L’Onu: «L’Eritrea liberi subito Dawit Isaak e i giornalisti in prigione»

di Enrico Casale
dawit isaak

«Liberate Dawit Isaak». A chiederlo sono le Nazioni Unite che hanno hanno interpellato le autorità eritree affinché forniscano notizie e poi rilascino il giornalista. Di lui non si sa più nulla. Le ultime notizie risalgono al 23 settembre 2001. Quel giorno, Dawit Isaak era nel suo appartamento di Asmara. Le forze speciali eritree hanno fatto irruzione e lo hanno arrestato. Contemporaneamente stavano arrestando altri suoi colleghi giornalisti sia nella capitale sia in altre città del Paese. Poi il silenzio. Nessuna notizia. Qualche indiscrezione lo dà per morto, ma sono, appunto, indiscrezioni. Nulla di verificato e confermato dalle autorità.
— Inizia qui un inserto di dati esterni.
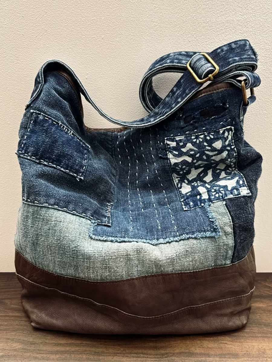 Borsa vintage in denim con patchwork floreale e inserti in pelle

«Il caso di Dawit Isaak è emblematico di tutti coloro che sono stati fatti sparire dal Governo eritreo. Sono molte le persone (politici, artisti, giornalisti, semplici cittadini) di cui non si sa più nulla dopo l’arresto – ha dichiarato Sheila B. Keetharuth, portavoce dell’Alto Commissariato delle Nazioni Unite per i diritti umani in Eritrea -. Il Governo di Asmara ha l’obbligo di fornire urgentemente informazioni sul destino e la sorte di tutti coloro che sono stati privati della libertà fisica».

Dawit Isaak non è una persona qualunque: 52 anni, giornalista, nel 1993 ha fondato «Setit», il primo giornale indipendente dell’Eritrea. Scrittura corrosiva e impertinente, è diventato subito una spina nel fianco di un Governo che stava velocemente trasformando il Paese in un regime. Come molti eritrei aveva anche la cittadinanza della Svezia, nazione nella quale si era rifugiato durante la lotta per l’indipendenza. Spesso, però, tornava in patria. Ed è proprio durante uno dei suoi soggiorni in Eritrea che è stato arrestato insieme ad altri giornalisti indipendenti del cosiddetto gruppo G-15 che chiedeva riforme democratiche al Presidente Isayas Afeworki.

In occasione della Giornata mondiale della libertà di stampa 2017, Antonio Guterres, Segretario generale delle Nazioni Unite ha chiesto la fine della repressione dei giornalisti che ha definito «voce dei senza voce».